Large universities and community colleges are not the only ones interested in Kuali, either. Earlier this month the Stevens Institute of Technology, a private institution with about 5,000 students, went live with the Kuali Financial System. Tom Chapman, the head of business development at rSmart, a company that provides consulting and support services for Kuali institutions, says he has been approached by “10 to 20” liberal arts colleges about the open-source system.

But one should not be too quick to take the happy customers at Colorado State and San Joaquin Delta as evidence of an incipient revolution, says Jeff Jones, vice president of SunGard Higher Education, whose Banner financial management product is used by about 1,000 colleges and universities. A handful of early adopters, with another handful on the way, hardly adds up to a snowball effect, Jones says.

“I’m not going to sit here and tell you that Kuali is wrong, or a threat to us,” he says. “It’s the right thing for some people, wrong for others.” Surely some institutions have considered Kuali and realized that based on their needs and personnel, a vendor-supplied product would be a wiser choice, Jones says.

It does not necessarily matter to any given software shopper how much Colorado State and San Joaquin Delta have saved, or how much Cornell expects to save. “Unless there’s an apples-to-apples comparison,” Jones says, “it’s probably not right to compare it like that.”

There are other barriers to a hasty uptake of Kuali in light of positive early reviews, says DeStafano, the Cornell CFO. Replacing back-end software systems often carries greater risks for their administrative champions than do other projects, she says. Often, an administrator’s job security can turn on the success or failure of an ERP overhaul.

“The people who would make the decision are CFOs, who are very conservative [by nature],” DeStefano says. “…And there aren’t enough implementations yet for the more conservative decision-making schools to move toward Kuali.”

“Trust is the coin of the realm,” says Kenneth C. Green, director of the Campus Computing Project, which tracks technology usage in higher education. In the absence of detailed case studies — expected savings by optimistic early adopters will not do — many administrators will not be willing to risk becoming a cautionary tale, says Green, who also designs surveys and blogs for Inside Higher Ed. “Many still feel this is untested and unproven,” he says. “And the testing is underway.”

Some of the most influential institutions might not be in a position to lead the charge as they normally might, DeStefano says.
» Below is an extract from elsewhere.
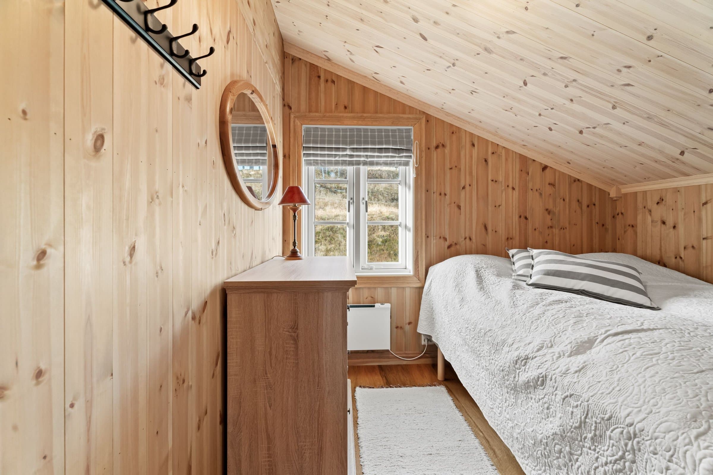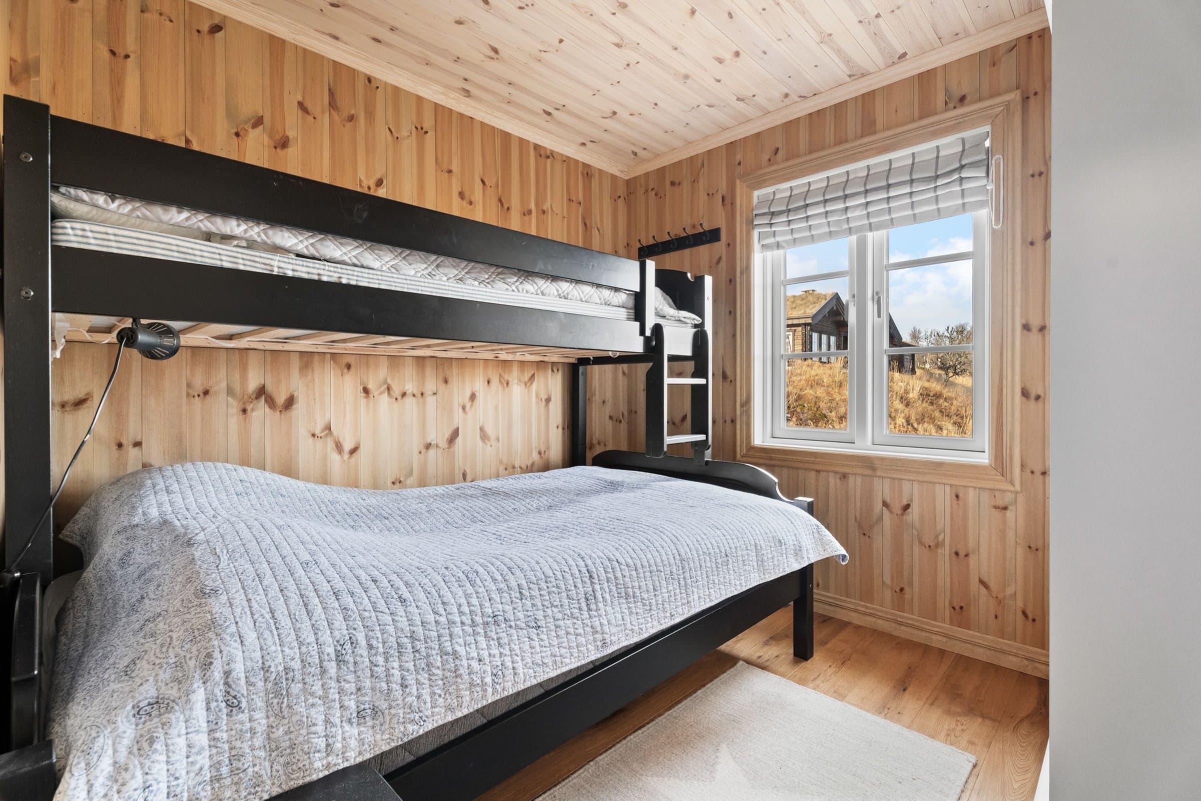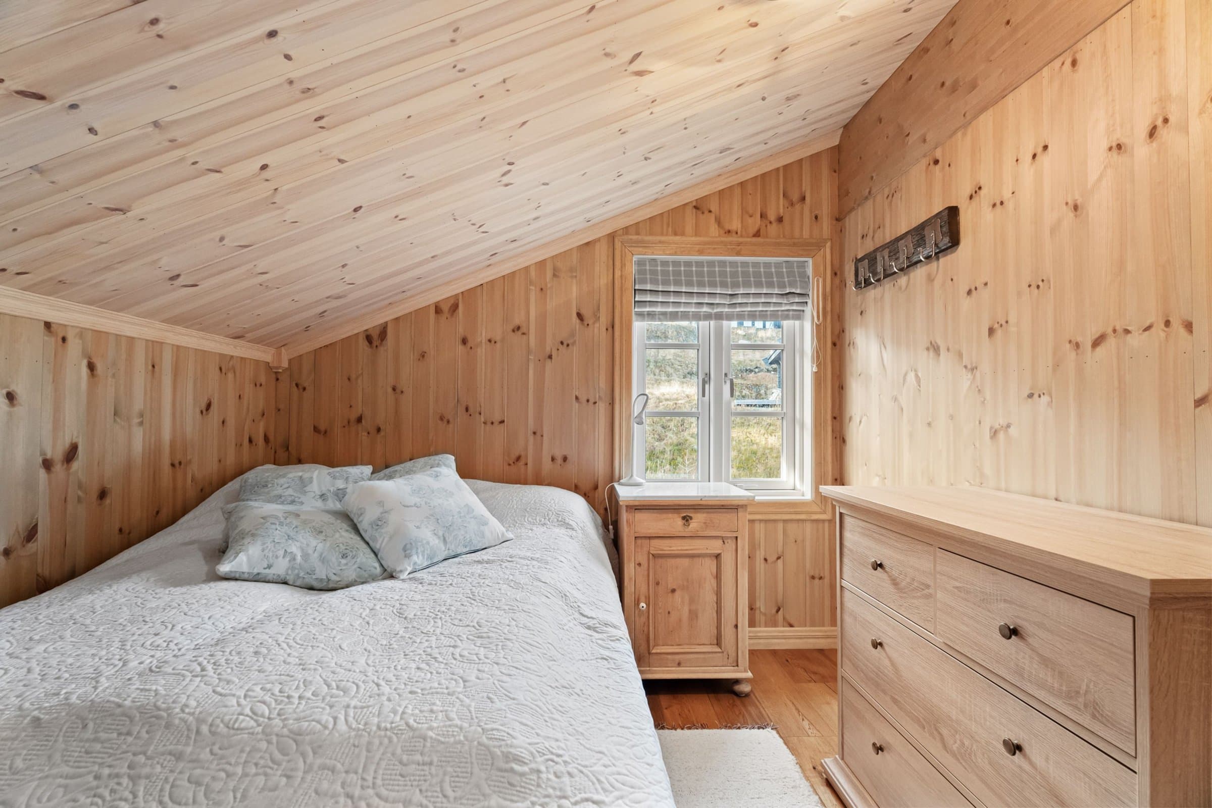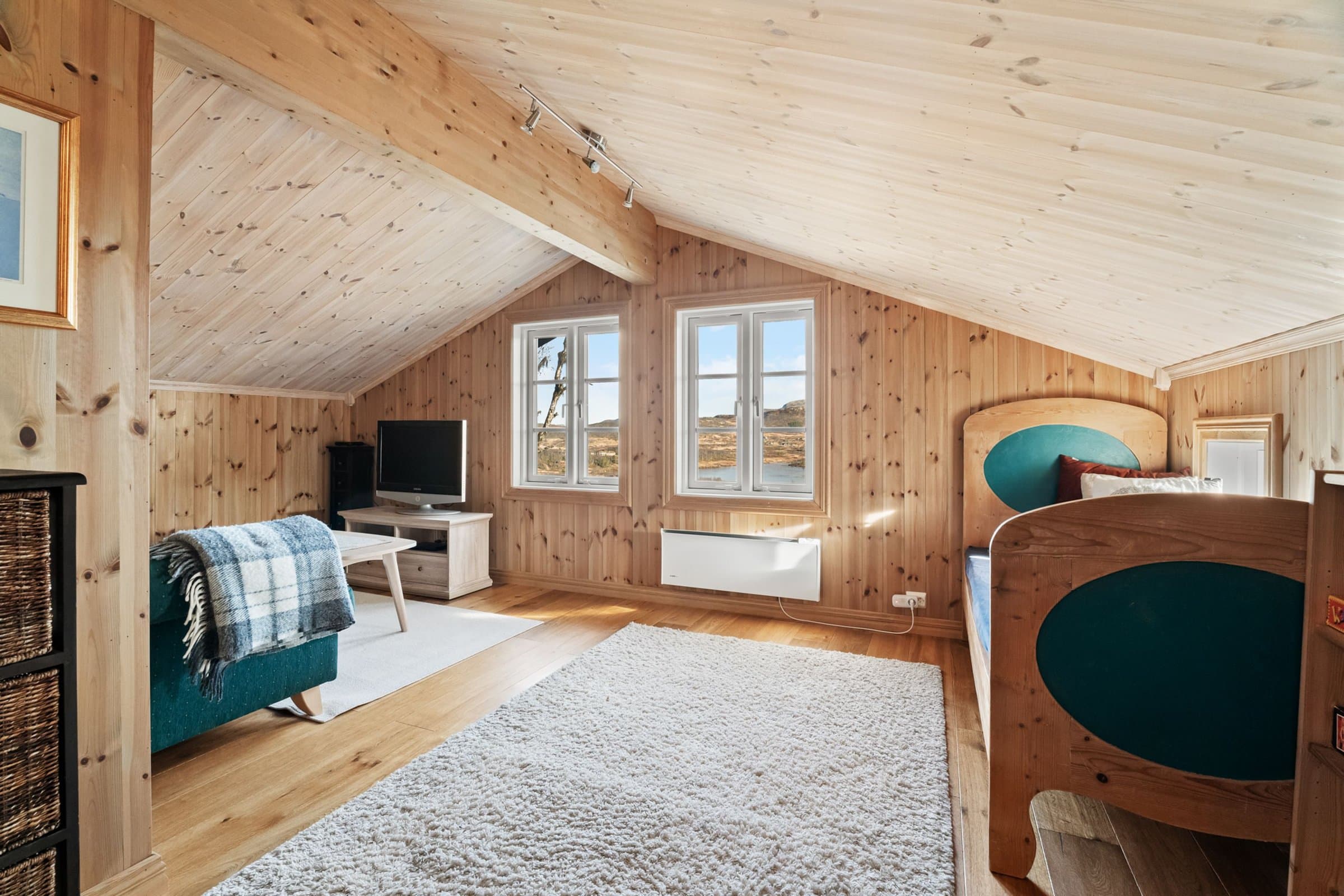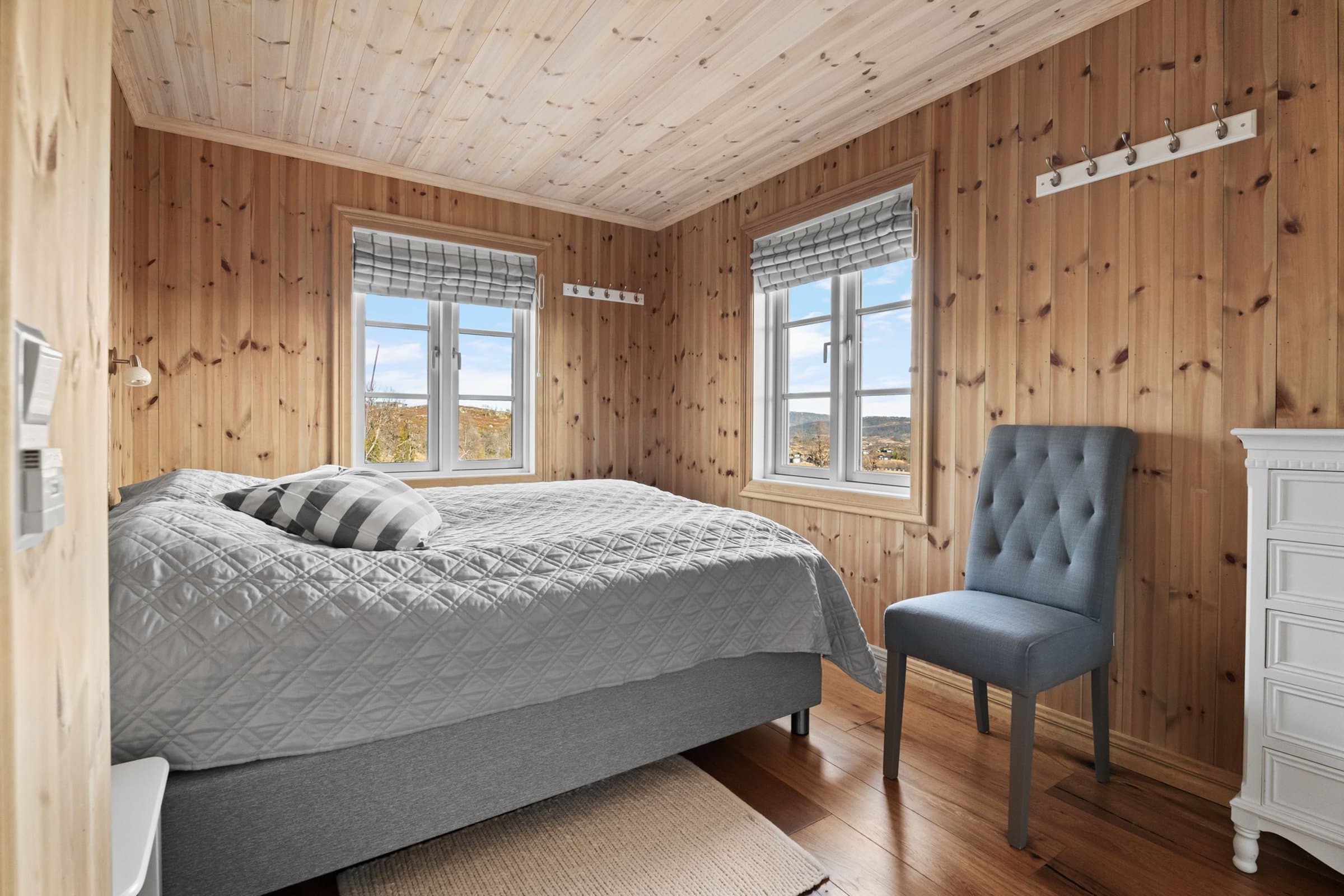 Hoved-soverom første etasje: Stort soverom med dobbeltseng og nattbord, garderobeskap over hele syd-veggen, to stoler til å legge tøy på eller som ekstrastoler til spisebord. Veggknagger til å henge tøy på. Liten kommode. Store vinduer mot øst og nord med liftgardiner. Eikeparkett på gulv med varmekabler. Loftluke med trappestige til oppbevaringsloft. Soverom 2 første etasje: Familiekøye med oppbevaringsskuff under, dobbelt garderobeskap, stort vindu med liftgardiner, veggknagger til å henge tøy på. Veggkart følger ikke med. Eikeparkett på gulv med varmekabler. Gang mellom soverom/bad og kjøkken: Oppbevaringskiste her følger ikke med, heller ikke veggkart. Eikeparkett på gulv med varmekabler og spotlight led-belysning i himling. Loftstue andre etasje: Stor loftstue med vinduer med fantastisk utsikt mot øst. Sofa med salongbord og TV-bord/skap, fiberlinje opplegg til TV/internett. Kommode og bokhylle. Vegghengt varmeovn med app fjernstyring. Eikeparkett og lysskinne i taket. Gammel («antikk») seng følger ikke med, men det er plass til overnattingsmulighet også her. Barnesikring på vinduer og på trapp ned til første etasje. Soverom 3 og 4 andre etasje: Hvert rom inneholder dobbeltseng og kommode samt veggknagger til å henge tøy på, på det ene også kontorarbeidsplass. Eikeparkett og vindu med liftgardin i hvert soverom. Barnesikring vinduer. Bad andre etasje: Flislagt bad med baderomsinnredning, toalett og flislagt dusjnisje med waterfall dusj. Varmekabler i gulv. Ventilasjon i tak.

Most of her Ivy League colleagues recently bought into vendor-supplied ERP systems, she says. To pull out now would be to squander tens, possibly hundreds of millions in investment, she says. Other institutions are likely in similar positions — even those for whom Kuali might be a good fit. The life cycle of back-office software is typically longer than that of other technologies, so change can be slower in coming.

Still, Burns, the Colorado State CIO, says he believes there is an eventual “tipping point” toward open-source (he calls the Kuali version “community-source”) in the offing. “The quality community-source movement is growing significantly,” he says. “Kuali is a killer app.”